=== WHAT YOU WILL DO ===
Return the lines of the listing below exactly as they appear, beginning at the one with "3、可以直接填写手机号,通过验证码登录,没注册的会自动注册。" and stopping after the one with "Barbell is standard"; do not include pictures.

=== PROVIDED RECORDS ===
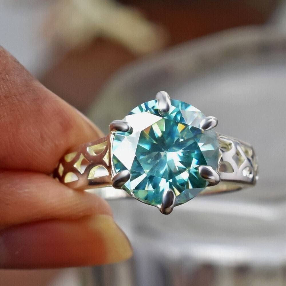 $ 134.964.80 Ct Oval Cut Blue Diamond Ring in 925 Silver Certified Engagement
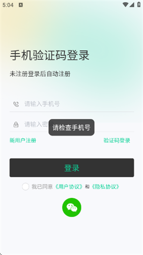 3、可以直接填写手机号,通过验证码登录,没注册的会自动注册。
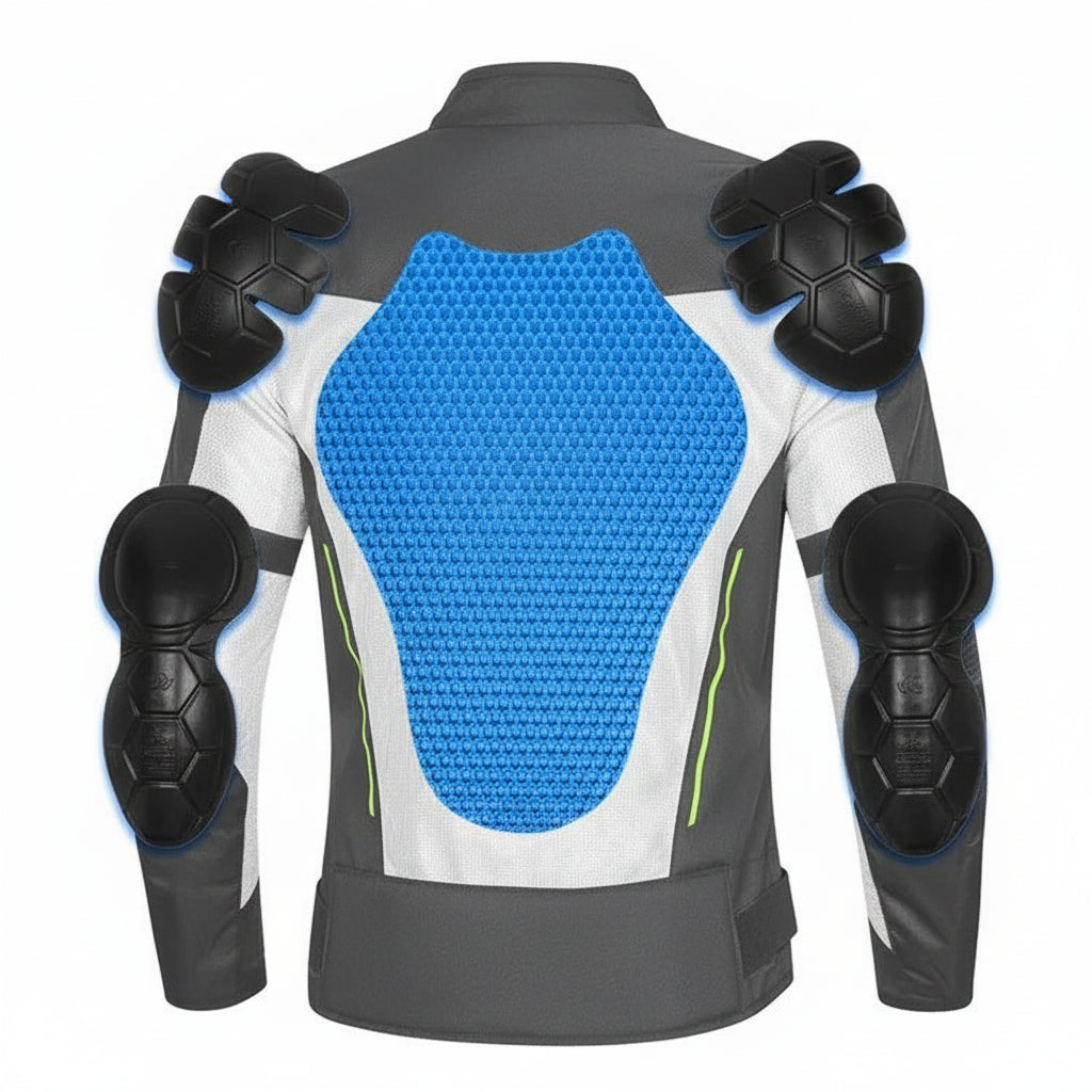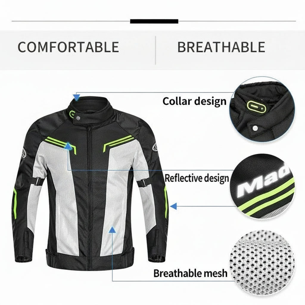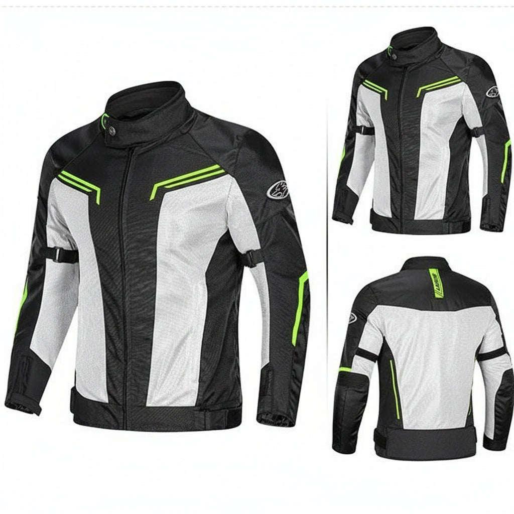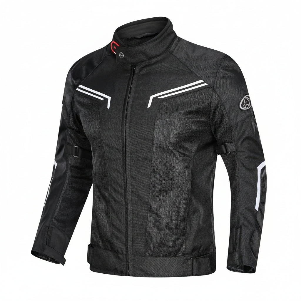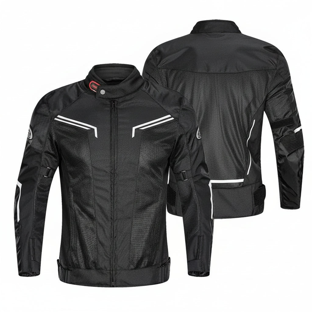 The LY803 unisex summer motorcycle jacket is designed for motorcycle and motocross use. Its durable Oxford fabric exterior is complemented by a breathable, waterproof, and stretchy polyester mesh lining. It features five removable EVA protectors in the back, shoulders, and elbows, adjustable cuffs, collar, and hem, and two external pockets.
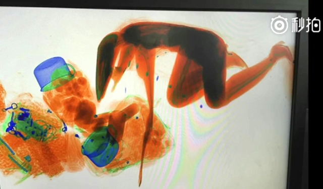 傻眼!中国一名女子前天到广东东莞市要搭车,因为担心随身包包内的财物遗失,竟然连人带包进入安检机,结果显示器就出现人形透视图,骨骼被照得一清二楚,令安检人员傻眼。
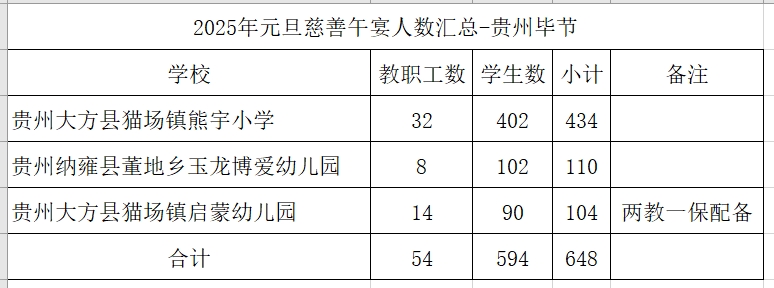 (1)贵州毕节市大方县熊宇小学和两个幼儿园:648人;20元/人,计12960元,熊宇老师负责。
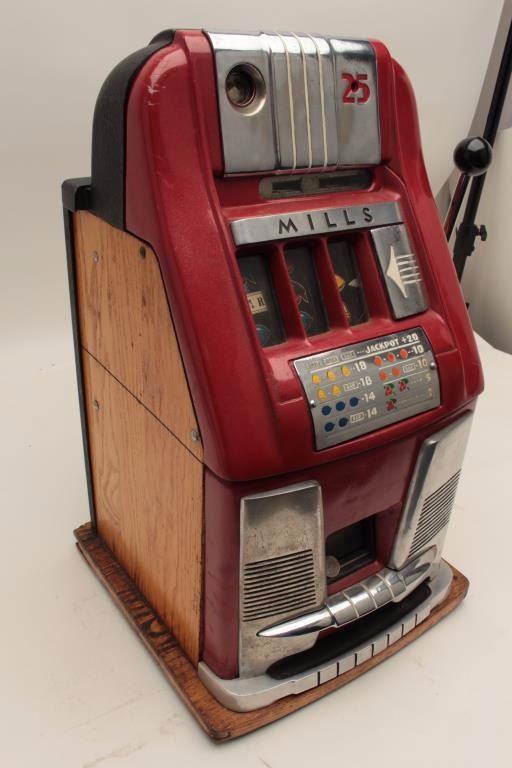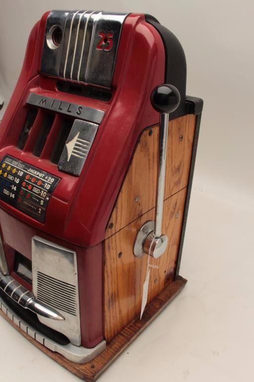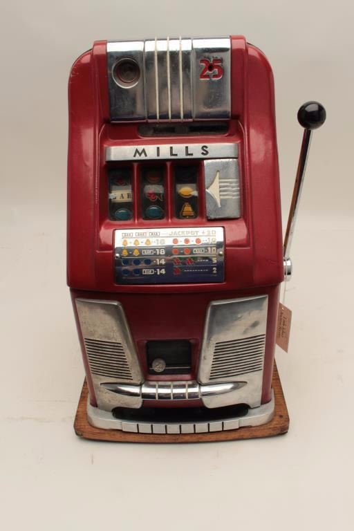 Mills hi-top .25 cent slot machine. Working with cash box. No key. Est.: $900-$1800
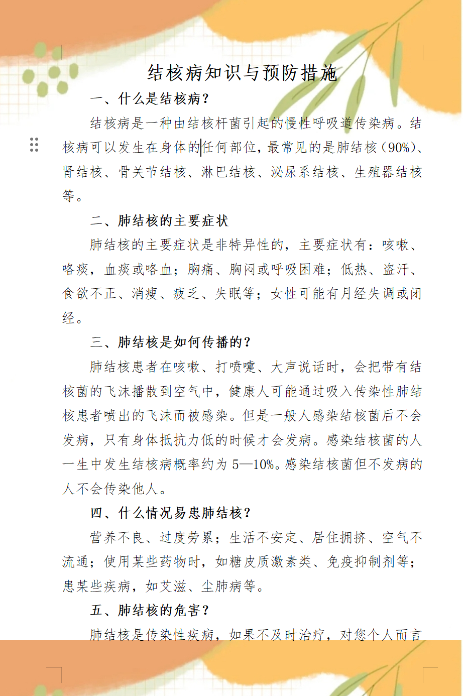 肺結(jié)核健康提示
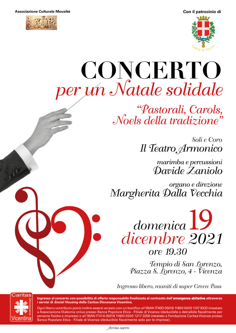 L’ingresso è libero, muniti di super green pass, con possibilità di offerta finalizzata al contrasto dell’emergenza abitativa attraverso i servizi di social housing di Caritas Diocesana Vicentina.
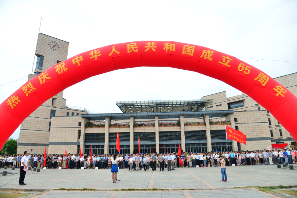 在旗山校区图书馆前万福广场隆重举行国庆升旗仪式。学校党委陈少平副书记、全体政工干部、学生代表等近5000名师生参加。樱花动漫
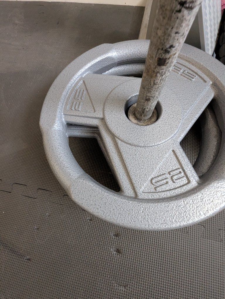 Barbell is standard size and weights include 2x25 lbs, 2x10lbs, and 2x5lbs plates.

* * *

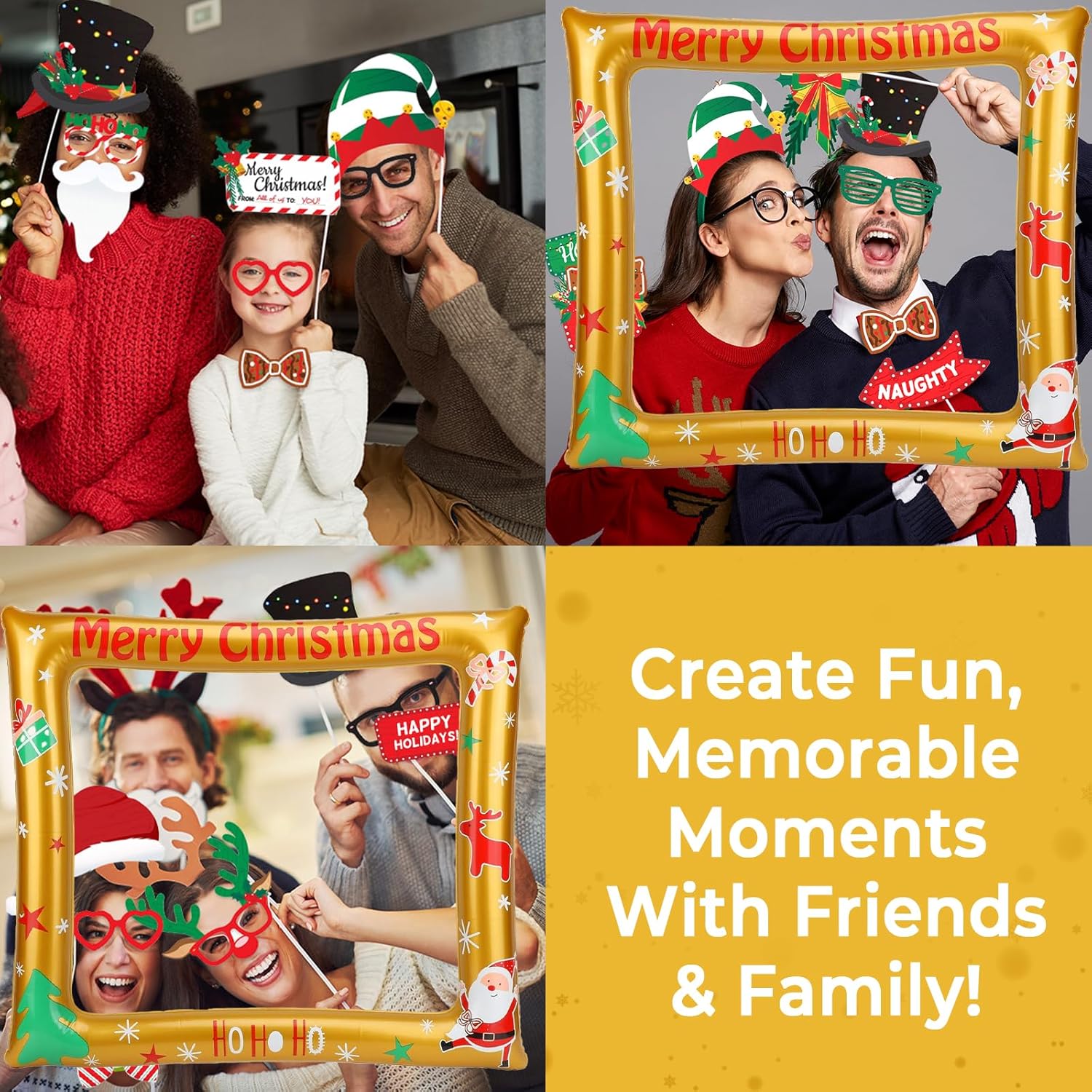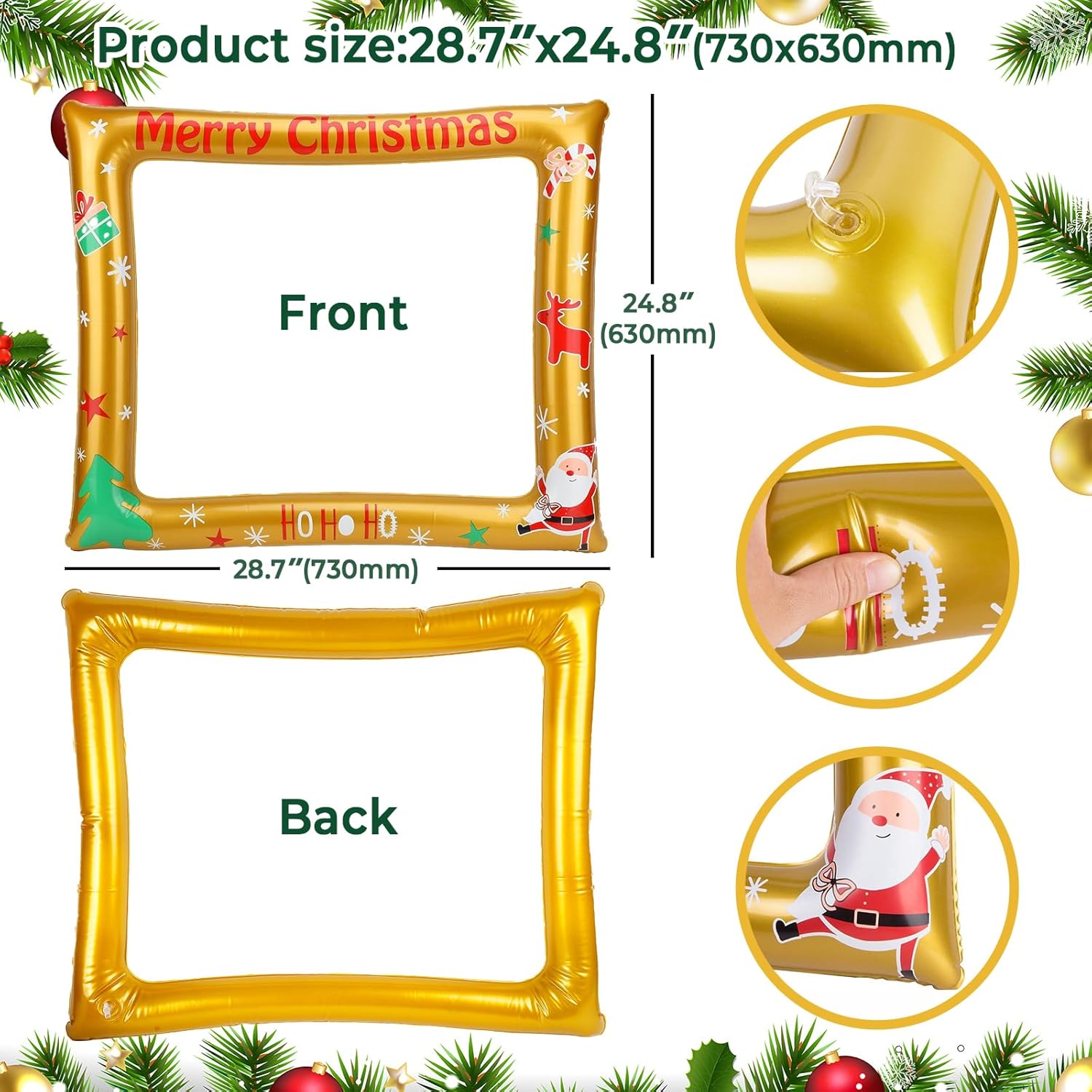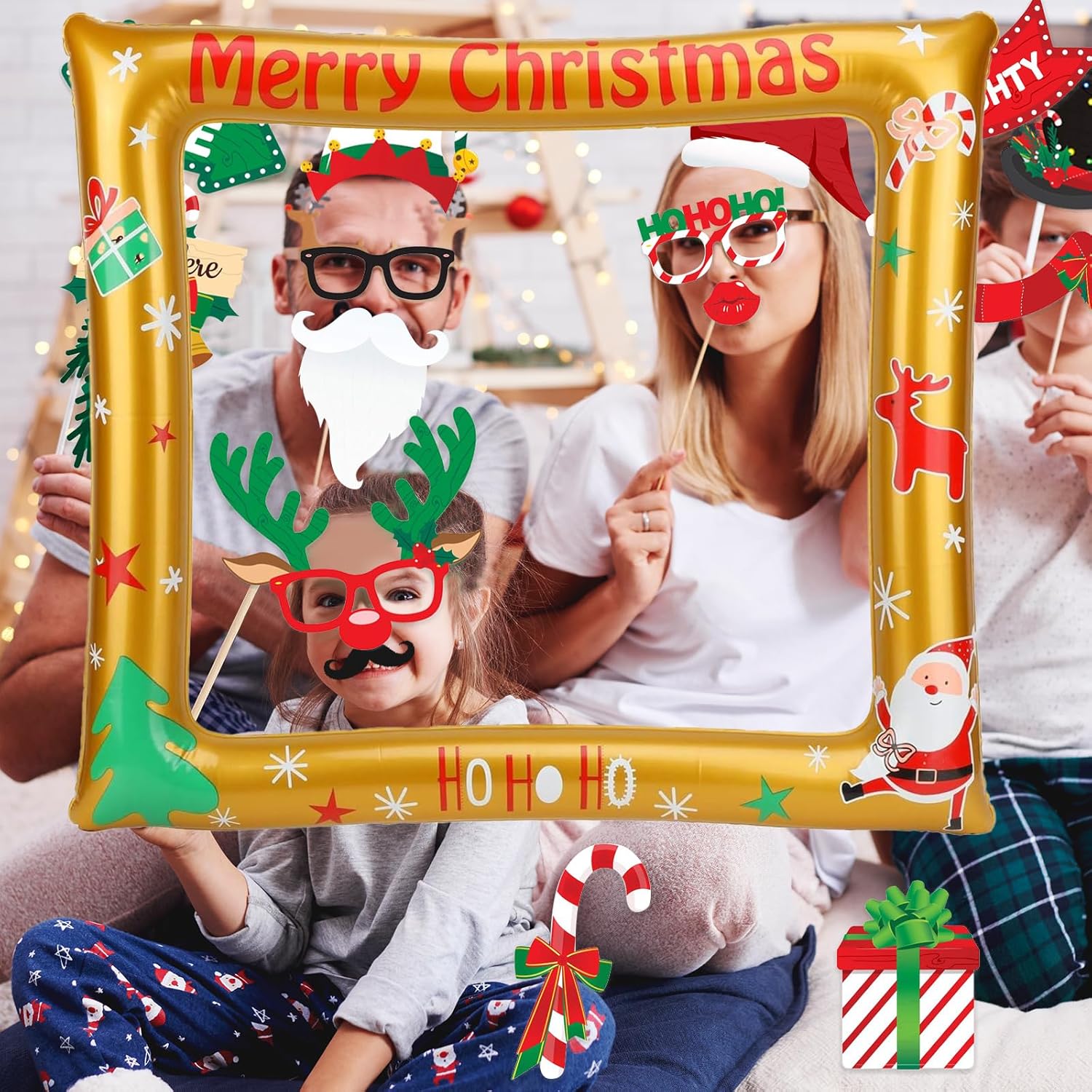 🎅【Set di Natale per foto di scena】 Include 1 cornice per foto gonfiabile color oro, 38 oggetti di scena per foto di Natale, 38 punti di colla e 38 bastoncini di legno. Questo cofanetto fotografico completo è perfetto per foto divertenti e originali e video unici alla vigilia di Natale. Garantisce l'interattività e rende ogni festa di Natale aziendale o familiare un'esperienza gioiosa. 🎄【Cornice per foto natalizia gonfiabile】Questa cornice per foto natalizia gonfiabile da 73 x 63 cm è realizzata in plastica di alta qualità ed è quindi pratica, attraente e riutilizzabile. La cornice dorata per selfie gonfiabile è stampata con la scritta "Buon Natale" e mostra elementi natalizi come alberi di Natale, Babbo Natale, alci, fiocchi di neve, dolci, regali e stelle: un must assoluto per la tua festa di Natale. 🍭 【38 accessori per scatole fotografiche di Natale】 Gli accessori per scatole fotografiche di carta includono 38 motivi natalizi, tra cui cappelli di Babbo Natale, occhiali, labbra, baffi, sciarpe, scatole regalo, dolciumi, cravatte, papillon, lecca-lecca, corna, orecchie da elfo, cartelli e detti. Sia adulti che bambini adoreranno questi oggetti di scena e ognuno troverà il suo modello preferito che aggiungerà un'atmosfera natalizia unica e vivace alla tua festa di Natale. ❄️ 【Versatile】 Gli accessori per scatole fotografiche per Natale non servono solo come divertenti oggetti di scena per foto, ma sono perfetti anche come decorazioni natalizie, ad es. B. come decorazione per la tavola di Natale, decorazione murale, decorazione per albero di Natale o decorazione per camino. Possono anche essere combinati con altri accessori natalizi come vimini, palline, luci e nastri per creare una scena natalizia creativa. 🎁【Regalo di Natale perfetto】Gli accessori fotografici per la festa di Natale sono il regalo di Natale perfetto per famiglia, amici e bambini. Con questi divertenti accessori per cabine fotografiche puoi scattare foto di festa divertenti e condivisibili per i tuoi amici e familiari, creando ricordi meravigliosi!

=== OUTPUT ===
 3、可以直接填写手机号,通过验证码登录,没注册的会自动注册。
 The LY803 unisex summer motorcycle jacket is designed for motorcycle and motocross use. Its durable Oxford fabric exterior is complemented by a breathable, waterproof, and stretchy polyester mesh lining. It features five removable EVA protectors in the back, shoulders, and elbows, adjustable cuffs, collar, and hem, and two external pockets.
 傻眼!中国一名女子前天到广东东莞市要搭车,因为担心随身包包内的财物遗失,竟然连人带包进入安检机,结果显示器就出现人形透视图,骨骼被照得一清二楚,令安检人员傻眼。
 (1)贵州毕节市大方县熊宇小学和两个幼儿园:648人;20元/人,计12960元,熊宇老师负责。
 Mills hi-top .25 cent slot machine. Working with cash box. No key. Est.: $900-$1800
 肺結(jié)核健康提示
 L’ingresso è libero, muniti di super green pass, con possibilità di offerta finalizzata al contrasto dell’emergenza abitativa attraverso i servizi di social housing di Caritas Diocesana Vicentina.
 在旗山校区图书馆前万福广场隆重举行国庆升旗仪式。学校党委陈少平副书记、全体政工干部、学生代表等近5000名师生参加。樱花动漫
 Barbell is standard size and weights include 2x25 lbs, 2x10lbs, and 2x5lbs plates.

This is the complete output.